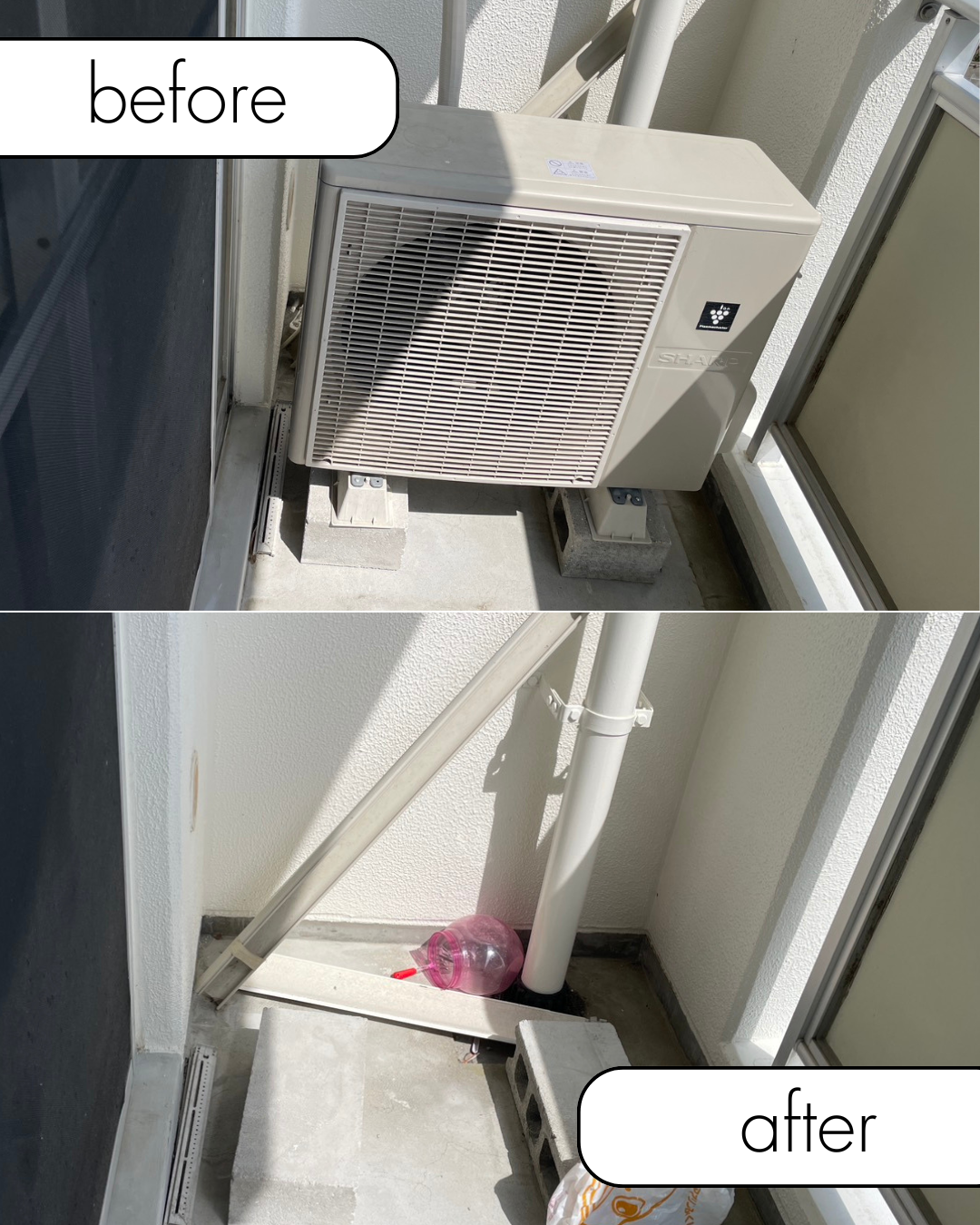 ベランダ置きや地面置きなど、標準的な設置状況であれば、取り外し工賃から回収費用まで0円で対応可能です。
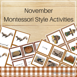 Add some silk leaves, acorns, nuts, mini logs and a few fuzzy little (toy) squirrels to a sensory bin for some open ended play and exploration.
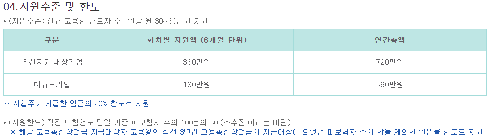 취업성공패키지 참여자를 고용한 기업에게는 얼마의 지원금이 나오게 될까요. 경우마다 다르겠지만 1년간 최대한도로 지급 받을 수 있는 지원금의 규모는 720만원이고 대기업이라면 360만원을 최대로서 지원받을 수가 있습니다.
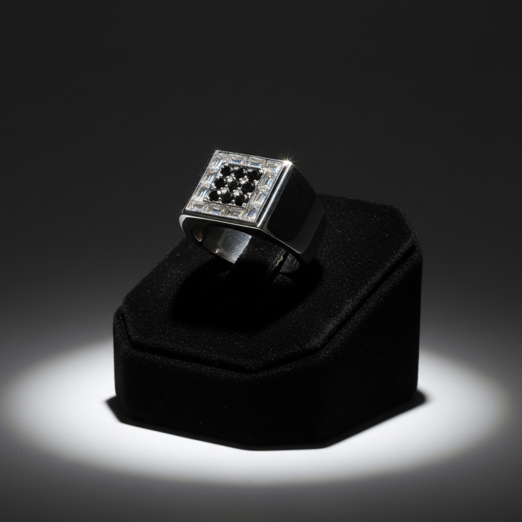 Graff Ring, Black and White Diamond 1.50 cttw F-G VS1, Platinum 15.80g. Size 8.5
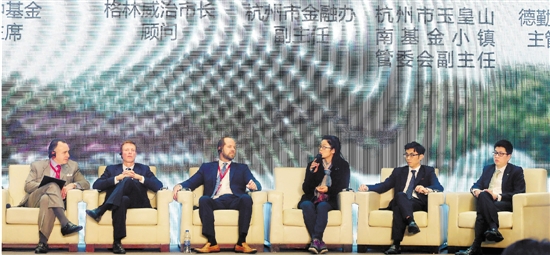11月8日,玉皇山南基金小镇与美国格林威治市代表团进行“双城论道”,开展圆桌对话。 本报记者 林云龙 摄
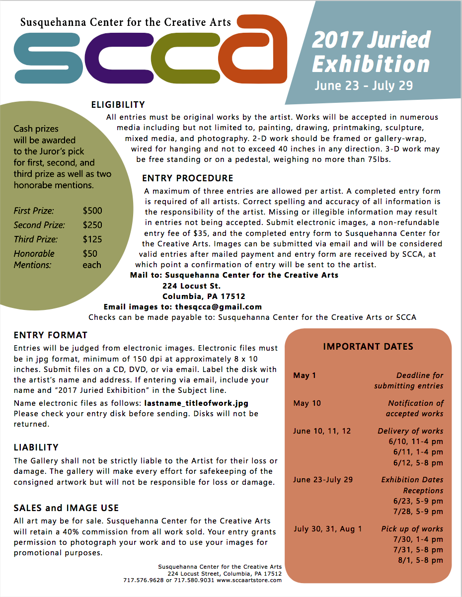 The Susquehanna Center for the Creative Arts is hosting a juried show at 224 Locust Street, Columbia. First Prize is $500.
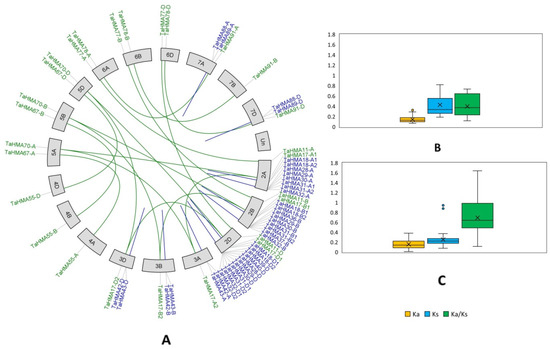 Gene duplication analysis for the TaHMA genes. (A)—Segmentally and tandemly duplicated gene pairs plotted using TBtools-II v2.154 in a Circos fashion represented by the green- and blue-colored lines, respectively. (B,C)—Box-and-whisker plots showing the distribution of Ka (orange), Ks (blue) and Ka/Ks (green) values obtained for the segmentally and tandemly duplicated gene pairs, respectively. Each box (encompassing whiskers) shows the median (central line), mean (cross on the box plot) and outliers. The Y-axis contains the values obtained for the Ka, Ks, and Ka/Ks.
• • • • • • •
## WHAT YOU NEED TO DO
Leave the pictures out, and print every line of the listing exactly as written.

## EXERCISE ANSWER
 ベランダ置きや地面置きなど、標準的な設置状況であれば、取り外し工賃から回収費用まで0円で対応可能です。
 Add some silk leaves, acorns, nuts, mini logs and a few fuzzy little (toy) squirrels to a sensory bin for some open ended play and exploration.
 취업성공패키지 참여자를 고용한 기업에게는 얼마의 지원금이 나오게 될까요. 경우마다 다르겠지만 1년간 최대한도로 지급 받을 수 있는 지원금의 규모는 720만원이고 대기업이라면 360만원을 최대로서 지원받을 수가 있습니다.
 Graff Ring, Black and White Diamond 1.50 cttw F-G VS1, Platinum 15.80g. Size 8.5
11月8日,玉皇山南基金小镇与美国格林威治市代表团进行“双城论道”,开展圆桌对话。 本报记者 林云龙 摄
 The Susquehanna Center for the Creative Arts is hosting a juried show at 224 Locust Street, Columbia. First Prize is $500.
 Gene duplication analysis for the TaHMA genes. (A)—Segmentally and tandemly duplicated gene pairs plotted using TBtools-II v2.154 in a Circos fashion represented by the green- and blue-colored lines, respectively. (B,C)—Box-and-whisker plots showing the distribution of Ka (orange), Ks (blue) and Ka/Ks (green) values obtained for the segmentally and tandemly duplicated gene pairs, respectively. Each box (encompassing whiskers) shows the median (central line), mean (cross on the box plot) and outliers. The Y-axis contains the values obtained for the Ka, Ks, and Ka/Ks.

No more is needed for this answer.